Complexity is innate to software, and complex things fail. Complex systems interact in unexpected ways. The more they're asked to do and the larger they get, the more likely unanticipated consequences will pop up.
The question isn't whether or not software projects will sometimes fail. They will. A conservative estimate of the cost of federal software failures pegs the annual value at $3 billion, according to Robert Charette, president of ITABHI Corp., a Spotsylvania, Va., risk-management consultancy.
Take the failure of an Internal Revenue Service electronic fraud detection system, for example. The IRS worked for five years to replace its old system with new Web-based software. Was the failure of the Web-based software a function of its essence, or was it an accident?
The tax agency had assurances from contractor Computer Sciences Corp. of El Segundo, Calif., that the new system would be online by January 2006. It wasn't. The IRS had no contingency plan and already had shut down its original system, leaving the 2006 tax season wide open for cheats.

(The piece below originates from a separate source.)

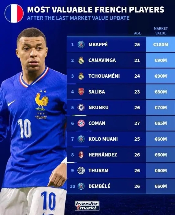 法国球员身价榜前10:
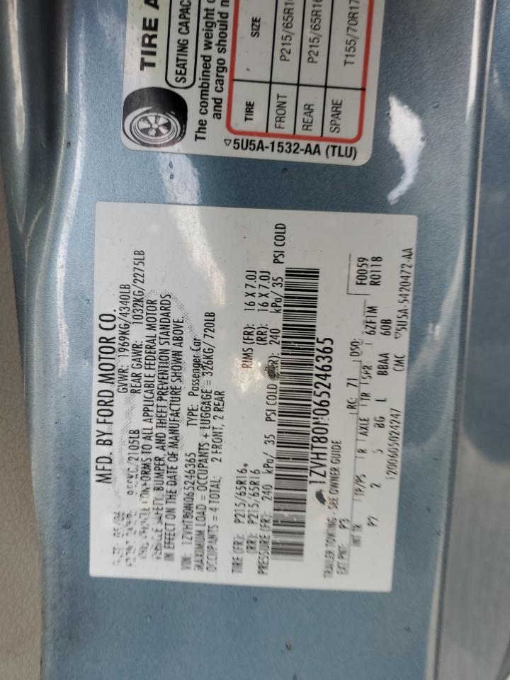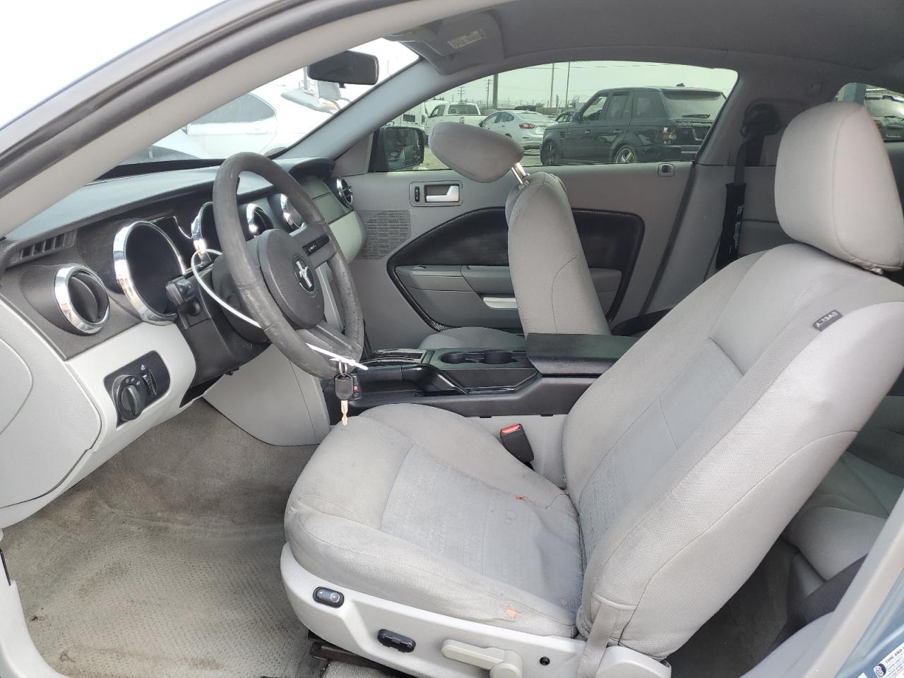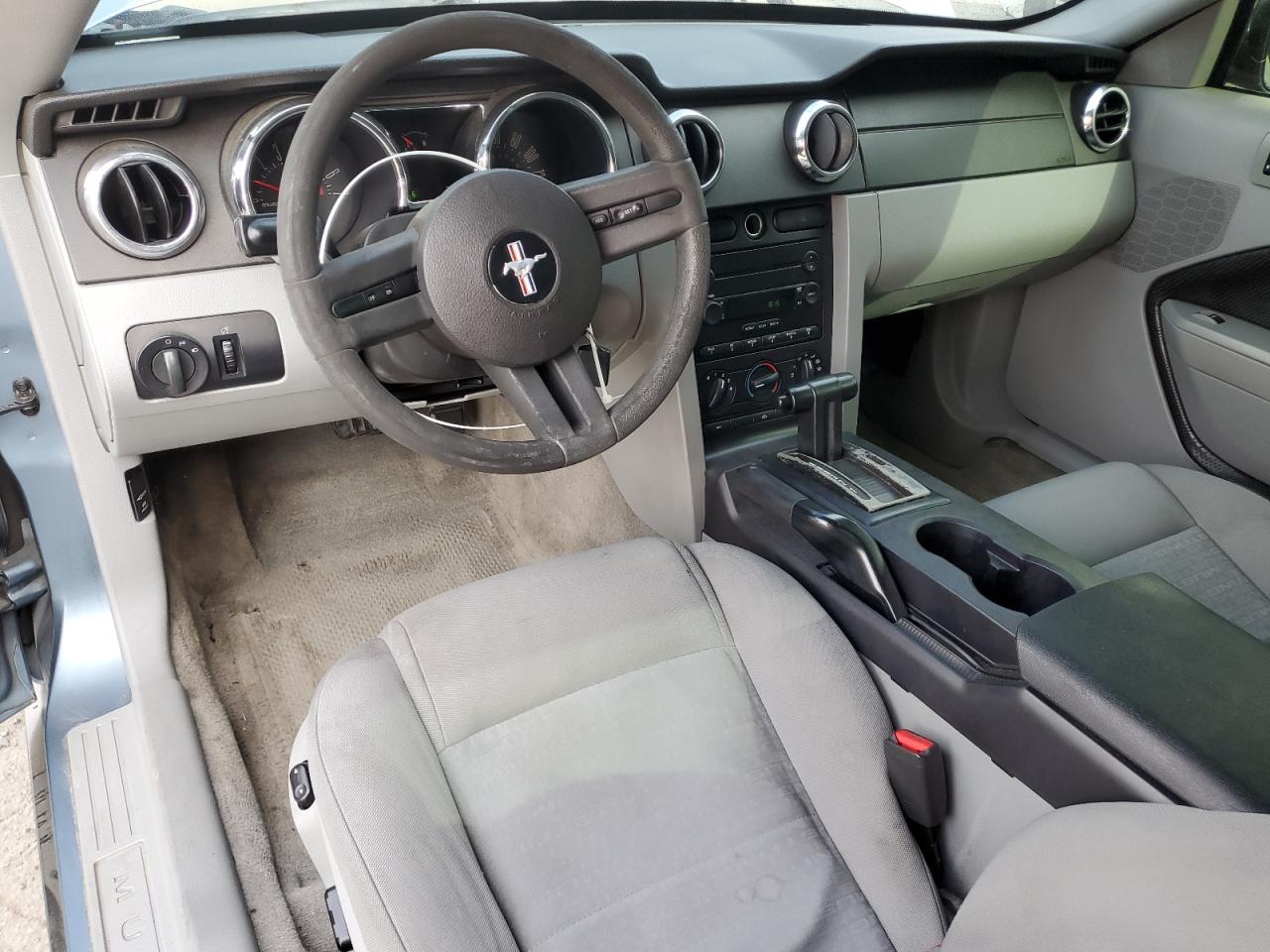 FairThis is a 2006 Ford Mustang, light blue in color. The primary damage is to the rear end, with a significant dent. The secondary damage is not present. The car's lights and glasses appear to be intact, and the black wheels also without visible damage. The interior shows signs of wear consistent with age and mileage. Summary of Damage and Overall State: Damage: Rear-end damage, Body Damage. Overall Condition: Fair Vehicle Damage Category: Body

As a result, according to a Treasury Department inspector general for tax administration report (TIGTA 2006-20-108), tax dodgers may have gotten away with $318.3 million in improper refunds. The IRS had invested $20.5 million in the Web-based system through last April.
When auditors investigated, they found that developers were unfamiliar with user needs, teams failed to coordinate with each other (so when one team made a change affecting others, the other teams wouldn't know about it, requiring a software fix), there was excessive turnover among CSC and IRS employees, and CSC repeatedly missed intermediate deadlines while still promising to complete the project on time.
"If anything could go wrong in a system-development-type atmosphere, it went wrong," says Margaret E. Begg, a Treasury tax administration assistant IG.
What happened at the IRS was neither an accident nor an example of software's complex essence, says Charette. It "doesn't even deserve the name 'failure,' " he says. "It's a blunder."
No governance process was in place to resolve difficulties and, despite a critical need for the software to perform, risks surrounding the project piled up mostly unattended, the IG found. When, before the project's collapse, the IRS director of refund crimes requested an independent study to scrutinize whether CSC would be able to deliver on its promises, he was informed that "the time needed to resolve 'a few existing glitches' " would prevent the study from starting until after the final deadline.
At another point, when an IRS employee found that CSC grossly exaggerated the work it had completed, the IRS "did not pursue the matter," IG investigators found.
CSC refused to comment, citing contractual obligations. Asked about specific problems cited by auditors, the IRS responded with a statement that it is "taking a number of steps to ensure the continued integrity of this system" and has revamped its governance structure so "significant risks and issues are identified early on and elevated to the appropriate executive level for attention."
A blunder is classic and boring, the stuff of basic project management, Charette says. It's made up of avoidable execution mistakes. Proper management of a software project includes building into the design enough wiggle room to absorb a reasonable number of mistakes.
Blunders are avoidable, but also unlikely to disappear. Institutional pressures conspire to ensure that, despite having blundered many times, the federal government likely will blunder again. Getting a project funded often means overpromising results while downplaying costs.
Managers have an incentive to make their projects look good, no matter their true status, often in the hope that problems will clear up before anybody else can notice. And, of course, deception is self-reinforcing and self-perpetuating; once it starts, it spreads. The problem is systemic: Industry proposes unrealistic costs and understates risks, while government agencies blithely accept them.
"CSC led them to believe that [the fraud system] would be operational, right up until the end, when in fact, they were unable to deliver," notes Begg.
In August 2005, IRS managers began to realize they had a serious problem. The agency started holding biweekly meetings with contractors, and in early December, executives started meeting daily. During the project's last couple of months, technical staffers were sending out two or three daily voicemail updates.
Finally, on April 19, 2006, the IRS decided it had had enough. The April deadline for most Americans to file their personal tax returns had come and gone with no electronic fraud detection system in place. The agency halted further development work and said it would restore the old system, the one that in 2001 it had said needed replacement. IRS says the old system will be working in time for the 2007 tax season.